Morena llegó a la Presidencia y a las gubernaturas de la mayoría de los estados de nuestro país siguiendo una narrativa de ser la esperanza de México. Sin embargo, en su ejercicio de gobierno en los tres niveles –municipal, estatal y federal– hemos visto las mismas prácticas que en su momento pretendieron desmantelar: corrupción, desvío de recursos, nepotismo y la crisis de inseguridad que vive nuestro país, la cual con Morena no ha hecho otra cosa más que aumentar, por mencionar sólo algunos ejemplos.

Estados como Colima, Sinaloa, Zacatecas, Estado de México y Michoacán son considerados entre los más violentos del país, y en todos ellos gobierna Morena. Si algo influyó para que en Coahuila la gente prefiera y vote por el malo conocido, es la idea de que “por lo menos tenemos paz”. Algo debemos reconocerle al PRI: en los últimos años ha reforzado con éxito la narrativa de que en Coahuila hay paz y seguridad, a diferencia de lo que ocurre en gran parte del resto del país.
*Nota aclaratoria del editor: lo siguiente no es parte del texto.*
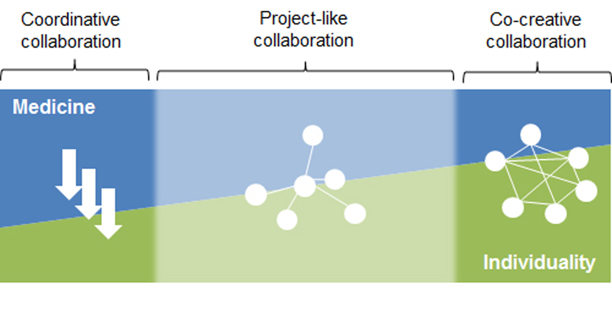 The three forms of collaboration, the medicine/individuality ratio and the corresponding modes of organisation (programme, hub, network) are summarised in a heuristic diagram (fig. 1).
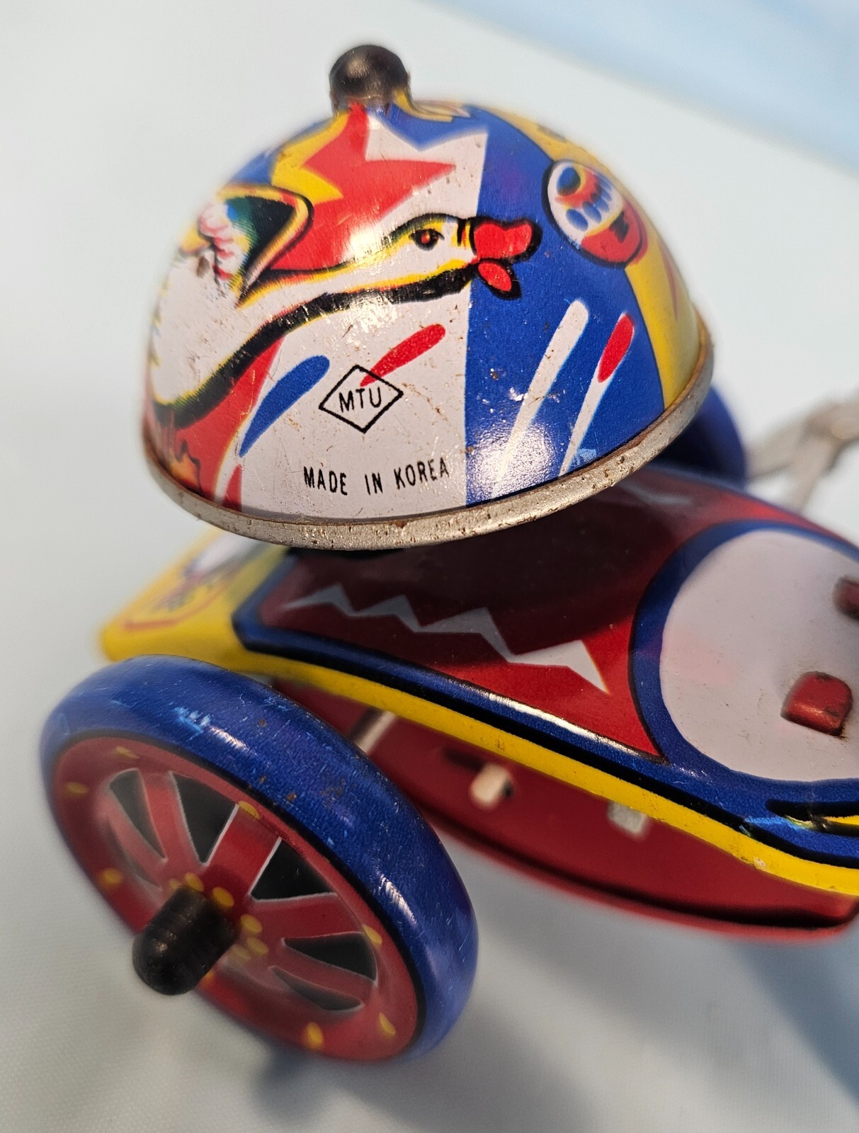 Vintage Tin Wind-Up Boy Riding Tricycle Made In Korea Works Great
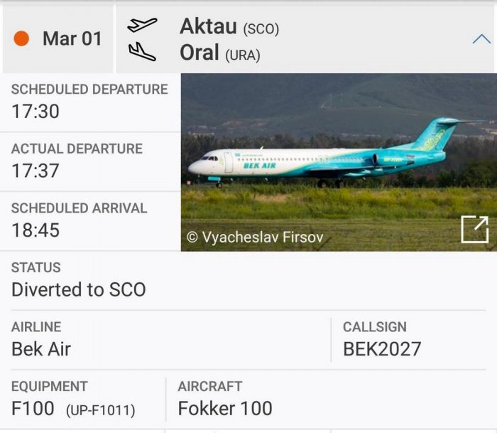 Как рассказали пассажиры рейса, инцидент произошел 1 марта. Согласно данным сервиса flightradar.com, самолет авиакомпании Bek Air, выполняющий рейс Z92021 Актау - Уральск, произвел взлет из аэропорта Актау в 17.37 и приземлился в аэропорту Актау в 18.17 местного времени.
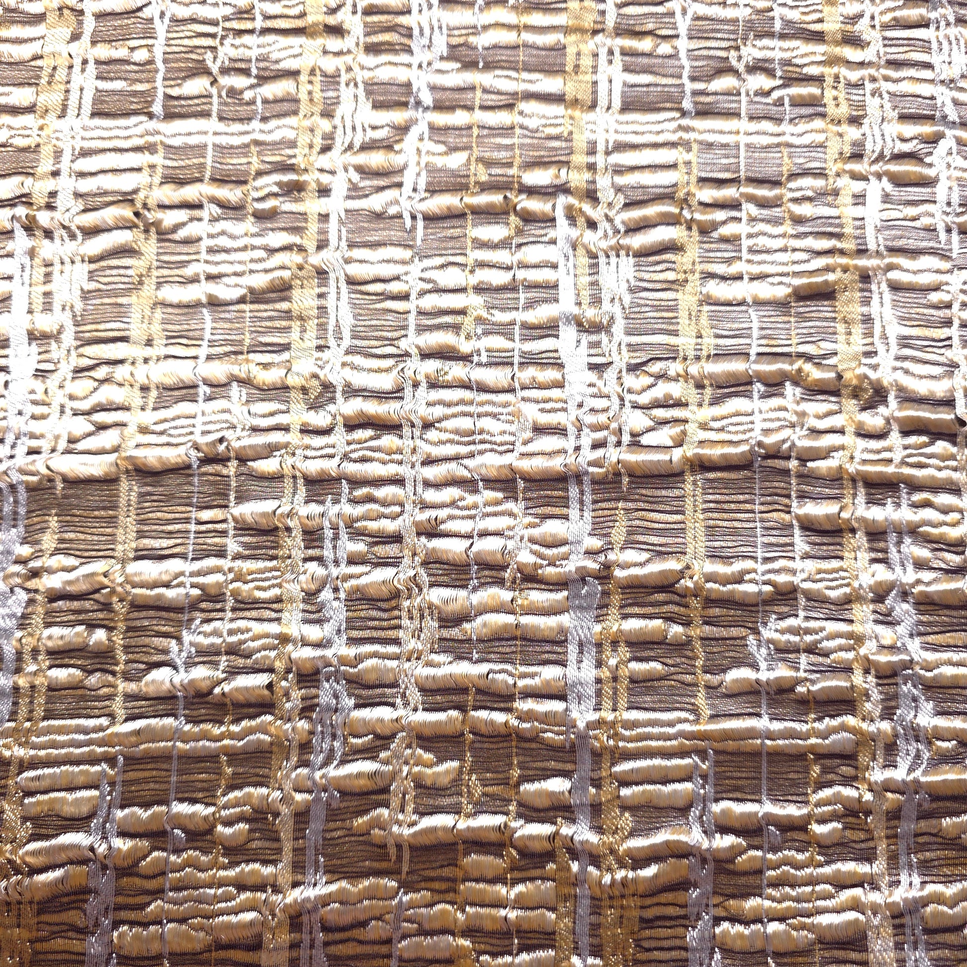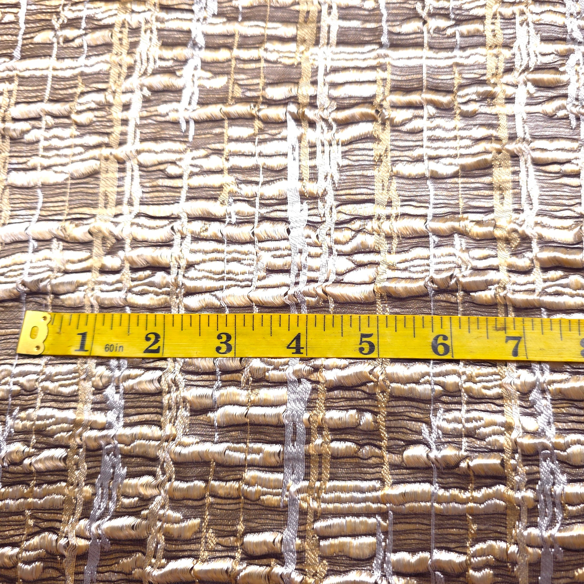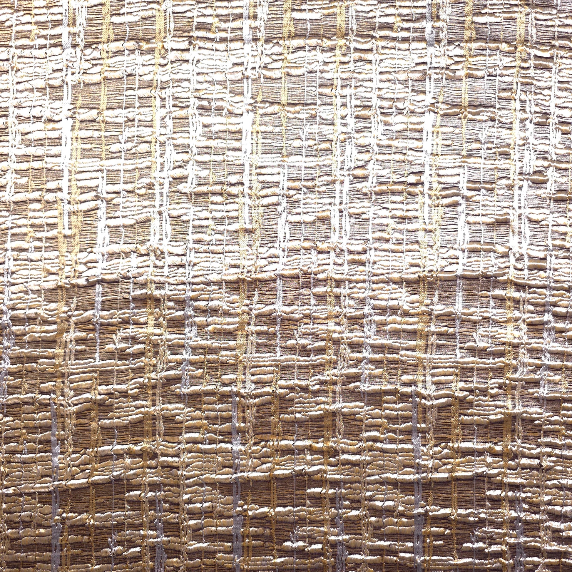 Elevate your interior with our spectacular extra-wide drapery fabric. This material features a sophisticated, three-dimensional texture composed of embossed lines in a shimmering palette of gold and brass. Specifically designed for high-impact applications, its 118-inch width allows for the creation of stunning, seamless drapes that exude modern luxury. The medium-weight polyester construction ensures the fabric drapes beautifully, making it a premier choice for designers and homeowners alike.
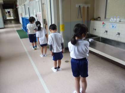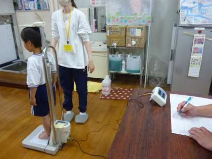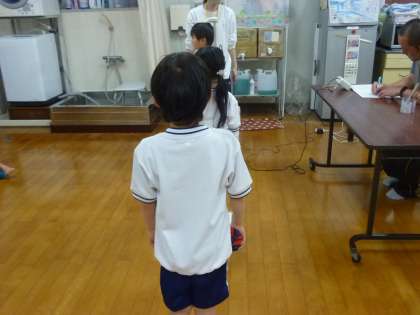 1年生は入学して間もないので初めての活動が続きます。今日は発育測定をしました。廊下の並び方から保健室の入り方、保健室に入ってから靴下を脱ぐなどの一連の動きを教えてもらい、身長と体重を測ってもらいました。身長と体重を同時に測れる機器で、数値は担任の前のモニターに示されるので、プライバシーに配慮しています。

Si Morena no ha cumplido con ser la esperanza que la gente buscaba ni ha acabado con la corrupción, en Coahuila muchas personas prefieren seguir con el PRI, que también es señalado por corrupción, mentiras y abusos, pero que, desde la percepción ciudadana, les permite vivir con tranquilidad.

En Coahuila ese escenario nos resulta complicado para quienes militamos en partidos como Movimiento Ciudadano, pues buscamos posicionarnos como una alternativa viable de una manera distinta de hacer política.

La militancia y los gobiernos que encabezamos tendremos que demostrar mediante acciones y buenos gobiernos, que vale la pena que la ciudadanía confié en nosotros.